Мать Егора довольно скоро вернулась, избавив его от мучительных раздумий.

– Вот, – сказала она, протягивая ему обычную, хоть и порядком загрязнившуюся уже ученическую тетрадь. – Егорка здесь писал. Заберите, а то отец все равно сожжет.

– Спасибо, – смущенно отозвался Феликс Янович, бережно принимая тетрадь.

Мать Бурляка, не говоря больше ни слова, уже повернулась, чтобы скрыться за воротами. Но Феликс Янович не мог так отпустить ее.

– Погодите, пожалуйста!

Она остановилась и также молча глянула на него – вопросительно, но без особого интереса. Тревогу выдавала лишь рука, нервно сжимающая концы платка, завязанного на голове.

– Я хотел сказать, – как всегда в такие моменты нужные слова рассыпались словно горох из дырявого кармана. – Я просто хочу, чтобы вы знали. Ваш сын – не убийца!

– Знаю, – коротко и сухо ответил она, и рука отпустила концы плата. – Но кто ж поверит-то?!

И отвернувшись, скрылась за воротами.

*

Тетрадь Егора Бурляка, спрятанная под мундир, жгла Колбовского всю дорогу до почтового отделения. Феликс Янович решил, что пролистает ее вместо утренних газет. Однако жизнь в таких случаях часто делает кульбиты почище иного циркача. Как только Колбовский переступил порог почты, как ему навстречу шагнула Аполлинария Григорьевна – с бледным лицом и губами, превратившимися в напряженную нить.

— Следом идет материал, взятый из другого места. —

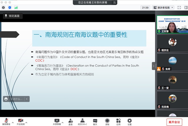第一位发言人西南政法大学国际法公司王玫黎教授,发言题目是《南海区域的海洋法律治理》。王玫黎教授详细介绍了南海规则在南海议题中的重要性,南海行为准则(COC框架),在COC谈判中适用范围、法律效力、自我克制方面重要条款争议和南海区域的未来与展望四个方面。南海问题作为中国外交最关切的议题,是亚太地区尤其是东南亚秩序的热点议题,在解决南海争端问题上各国应加快COC磋商,制定地区海洋规则。
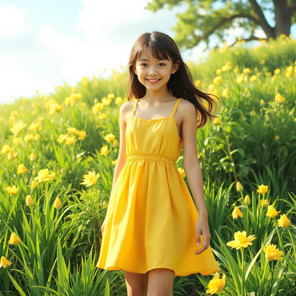 This image shows a vibrant, dreamy scene of a young woman standing in a lush green meadow on a sunny day, surrounded by soft, shimmering colors and a sprinkle of glittering dust in the air, reminiscent of classic watercolor illustrations
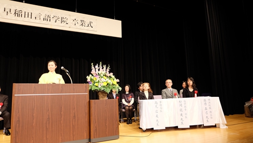 2016年3月1日 新宿区牛込箪笥区民ホールにて、早稲田言語学院 東京校・横浜校の合同卒業式を行いました。東京校は中山春樹学院長から、横浜校は鈴木麻美子学院長から、卒業生一人一人に卒業証書を授与し、優秀卒業生が表彰されました。続いて、林麗芳理事長からの祝辞、同済大学卒の唐心怡さんは在校生を代表して送辞を、早稲田大学に見事合格した梁澤涵さんは卒業生を代表し答辞を述べました。2年間お世話になった担当教員からの一言の後、「さくら」の大合唱と共に幕を下ろしました。卒業生の皆さん、早稲田言語学院で学んだこと、日本に留学へ来た当初の気持ちを忘れずに、4月からの新生活を頑張ってください。これからの皆さんの活躍を楽しみにしています。
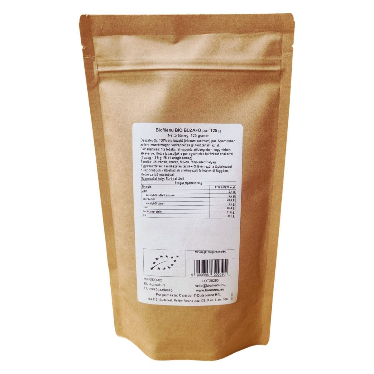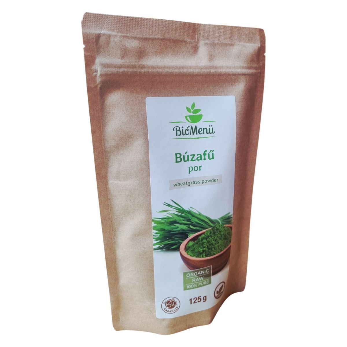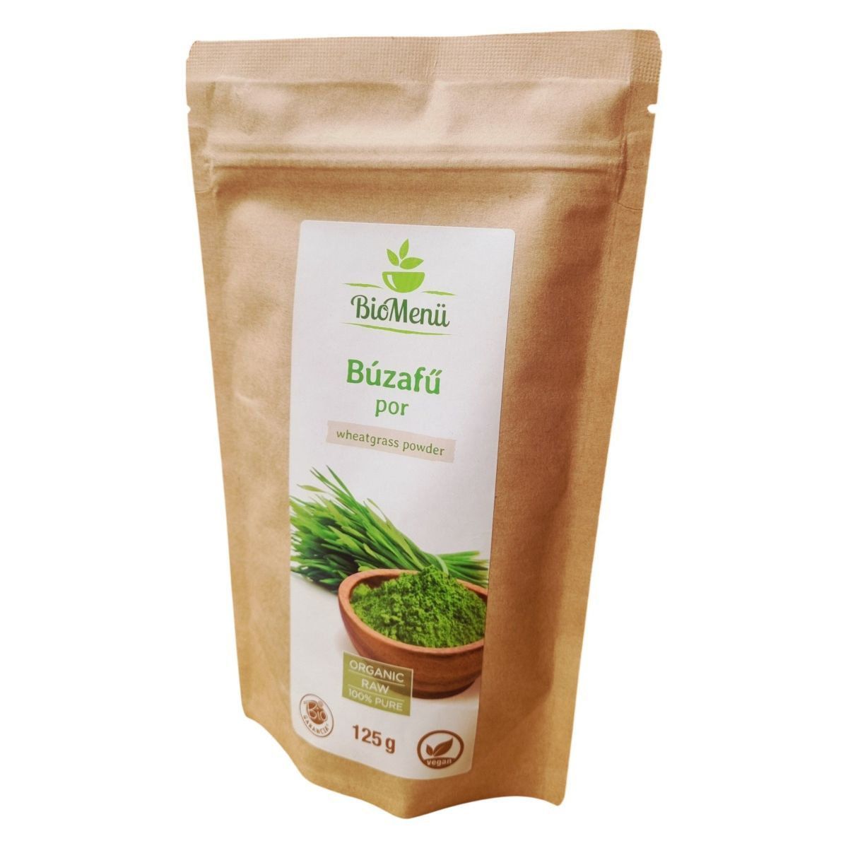 A BioMenü BIO Búzafű por egy 100% tiszta, organikus termék, amelyet az Európai Unióban állítanak elő. A termék nettó tömege 125 gramm, és a csomagolás 25-41 adagot tartalmaz. A búzafű por gazdag rostokban és fehérjében, és nyomokban zellert, mustármagot, vadrepceét és glutént tartalmaz. A termék megfelel a bio, raw és vegán étrendi irányzatoknak. A tárolás során ügyelni kell arra, hogy a terméket jól zártan, száraz, hűvös és fényvédett helyen tartsuk. A termék forgalmazója a Caleido IT-Outsource Kft., és rendelkezik HU-ÖKO-02 tanúsítvánnyal.

– Они устроились здесь как у себя в участке! Никого не пускают! Требуют вас! А вы… где вы ходите?!

Феликс Иванович настолько растерялся от подобного напора, что не сразу смог вытащить часы – цепочка зацепилась за пуговицу мундира и чуть не порвалась. Стрелки потускневшего, но верного циферблата показывали без пяти восемь утра.

– Но я даже не опоздал! – пробормотал он.

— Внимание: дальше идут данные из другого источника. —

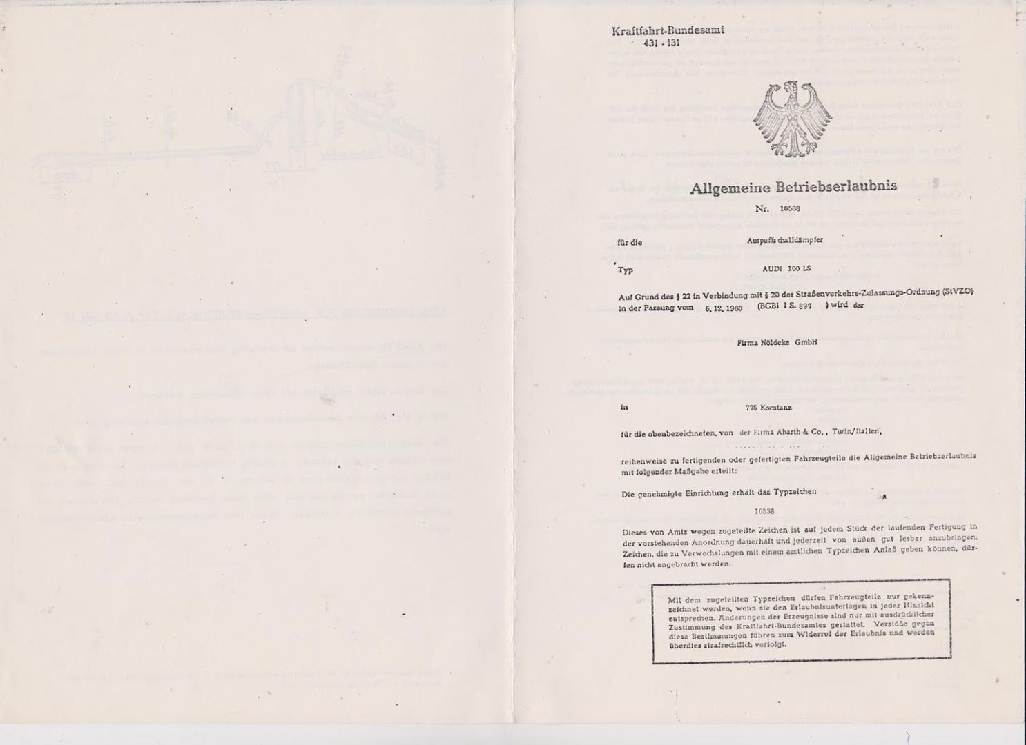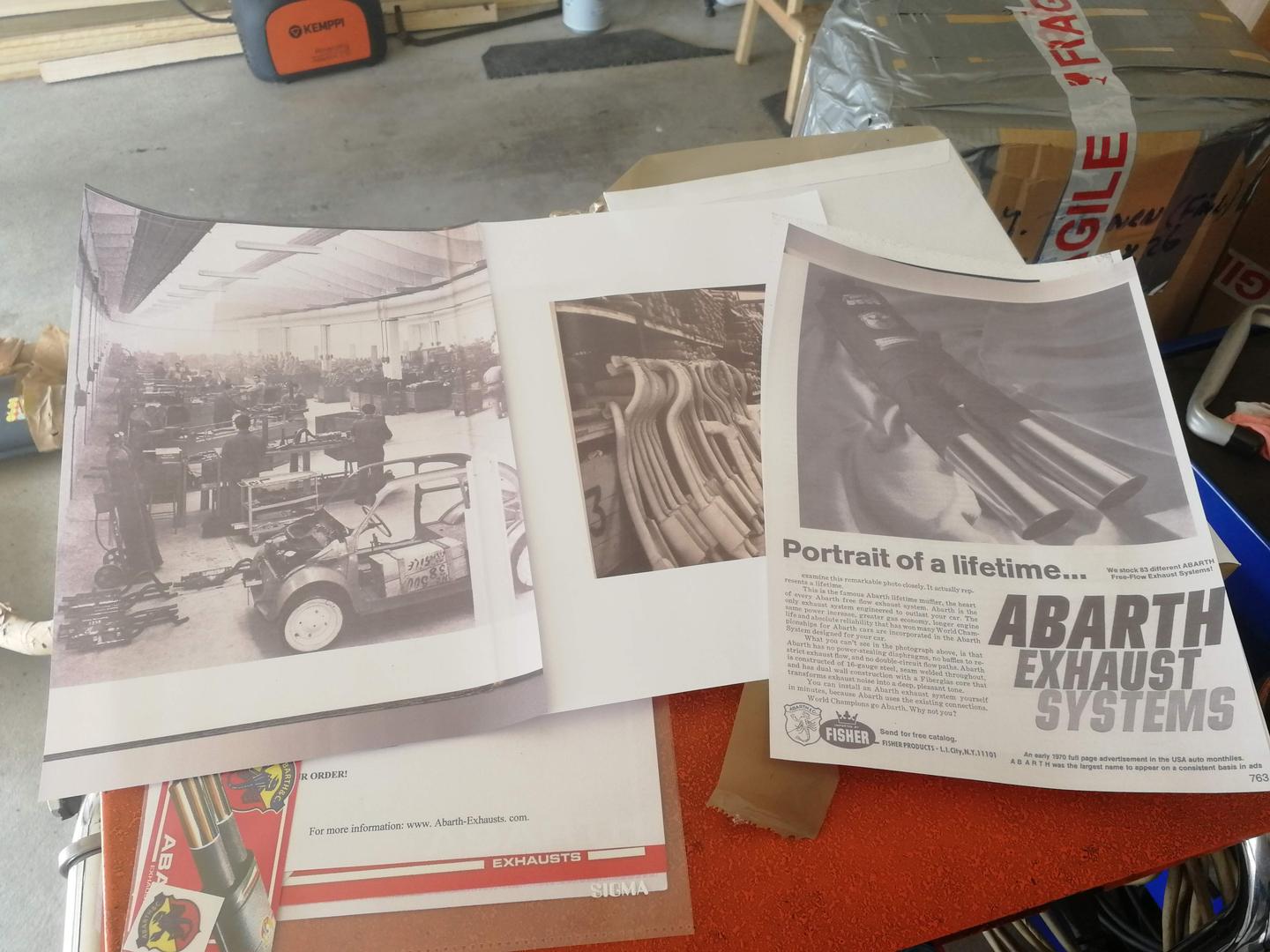 Mainitsin tuosta pakoputkesta. Sieltä on tulossa jotain melko mielenkiintoista. Ihmettelin, kun liikkeestä tuli ABE todistus putkistosta (kuvat). Tuo on Abarth:n tekemä putkisto eli ei alkuperäinen. ABE todistus on oikealta ajalta ja putkisto ollut aikoinaan varmaan melko harvinainen, mutta ei tuo taida kovin hyvin museoauton alla mennä. Pitää nyt ihmetellä kun se saapuu, että eroaako tuo nyt kovin hirveästi alkuperäisestä.

– Вам давно стоило завести привычку приходить раньше! – безапелляционно заявила Аполлинария Григорьевна.

Ее тон был настолько безукоризненно холоден и ровен – как каменная стена без единой трещины, что возражать не имело смысла. Феликс Янович уже знал по опыту, что за эту стену невозможно пробиться.

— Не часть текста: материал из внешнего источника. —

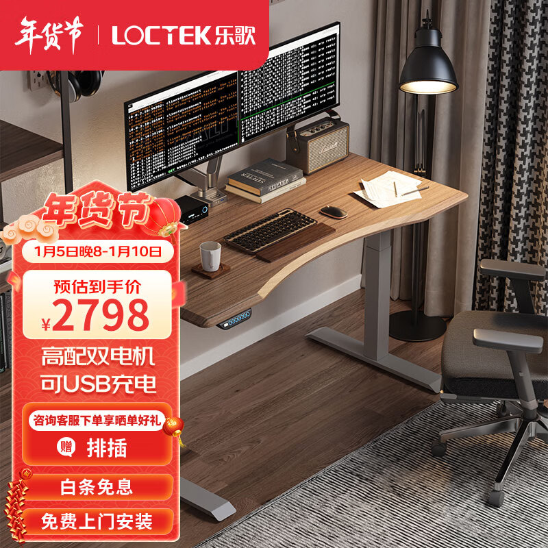 乐歌电动升降桌电脑桌学习桌写字桌凹型黑胡桃木色桌子E5-N/1.4m价格:3098.00元!

Все еще ничего не понимая, Колбовский прошел в кабинет. Здесь причины гнева телеграфистки стали более ясны. На рабочем кресле Феликса Яновича расположился бодрый и настороженный как пес, взявший след, исправник Конев. А вдоль стен, натыкаясь друг на друга из-за скромных размеров кабинета, ходили двое полицейских.

– Вы, смотрю, не слишком ревностно относитесь к службе, – заметил Касьян Петрович, кинув взгляд на настенные ходики, – приходите позже ваших служащих.

– Я прихожу ко времени, – тихо заметил Колбовский. – Чем обязан?

– А у нас, знаете ли, нет времени начала и конца службы, – Конев словно бы не слышал вопроса. – Собачья жизнь! Круглые сутки должны быть наготове! А еще некоторые зловредные энтузиасты путаются под ногами!

Последние слова сопровождались выразительным взглядом в сторону Колбовского, который, стоя перед развалившимся в кресле исправником, все больше чувствовал себя гимназистом, вызываным в кабинет директора.

– Чем обязан? – повторил он, хотя и понимал, что повторенный вопрос звучит глупо.

 

Кто-то из полицейских насмешливо хмыкнул за его спиной.

– Скажите, как хорошо вы знаете Егора Мартыновича Бурляка?

Этого вопроса Феликс Янович не ожидал.

– Я? Не могу сказать, что слишком хорошо. Скорее, шапочно.

– Да? А, меж тем, еще вчера в участке вы утверждали, что он ваш близкий друг! – глаза Конева смотрели цепко и подозрительно.

– Я? Позвольте, я не говорил такого! – возразил Феликс Янович, уже понимая, что исправник пытается смутить его.

– Разве? – Конев нарочито изобразил удивление. – Тем не менее, вы прибежали его проведать и были очень взволнованы. С чего бы это?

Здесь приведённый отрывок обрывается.